Sagnac interferometry for high-sensitivity optical measurements of spin-orbit torque

TL;DR

This paper demonstrates that Sagnac interferometry significantly enhances the sensitivity of optical measurements of spin-orbit torque, enabling more accurate and artifact-free quantification in thin magnetic films with various anisotropies.

Contribution

The study introduces the application of Sagnac interferometry for high-sensitivity, quantitative optical measurement of spin-orbit torque in thin magnetic samples, surpassing conventional Kerr effect methods.

Findings

Sagnac interferometry improves signal-to-noise ratio for magnetic measurements.

It allows quantitative analysis of spin-orbit torque in thin films with perpendicular anisotropy.
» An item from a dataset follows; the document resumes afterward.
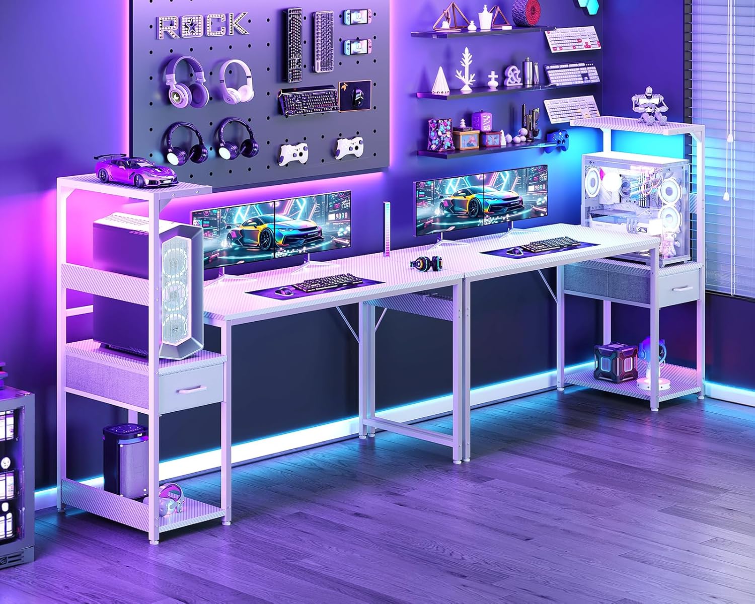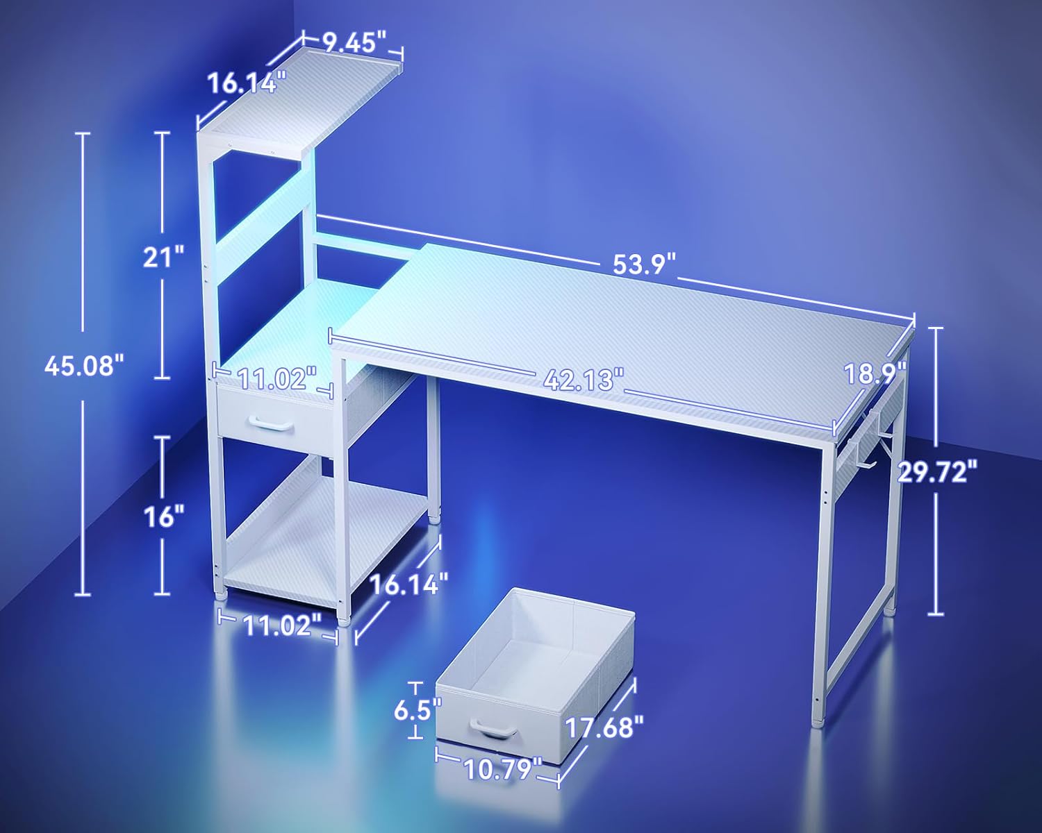 Casaottima 54 Inch Gaming Desk with Storage & LED Lights, Reversible Computer Desk with Display Shelves & Fabric Drawer, Modern Gamer Desk Table with Side Headphone Hook, Carbon Fiber White

It provides a cross-check for electrical measurement techniques, identifying potential artifacts.

Abstract

Sagnac interferometry can provide a significant improvement in signal-to-noise ratio compared to conventional magnetic imaging based on the magneto-optical Kerr effect (MOKE). We show that this improvement is sufficient to allow quantitative measurements of current-induced magnetic deflections due to spin-orbit torque even in thin-film magnetic samples with perpendicular magnetic anisotropy for which the Kerr rotation is second-order in the magnetic deflection. Sagnac interfermometry can also be applied beneficially for samples with in-plane anisotropy, for which the Kerr rotation is first order in the deflection angle. Optical measurements based on Sagnac interferometry can therefore provide a cross-check on electrical techniques for measuring spin-orbit torque. Different electrical techniques commonly give quantitatively inconsistent results, so that Sagnac interferometry can help to identify which techniques are affected by unidentified artifacts.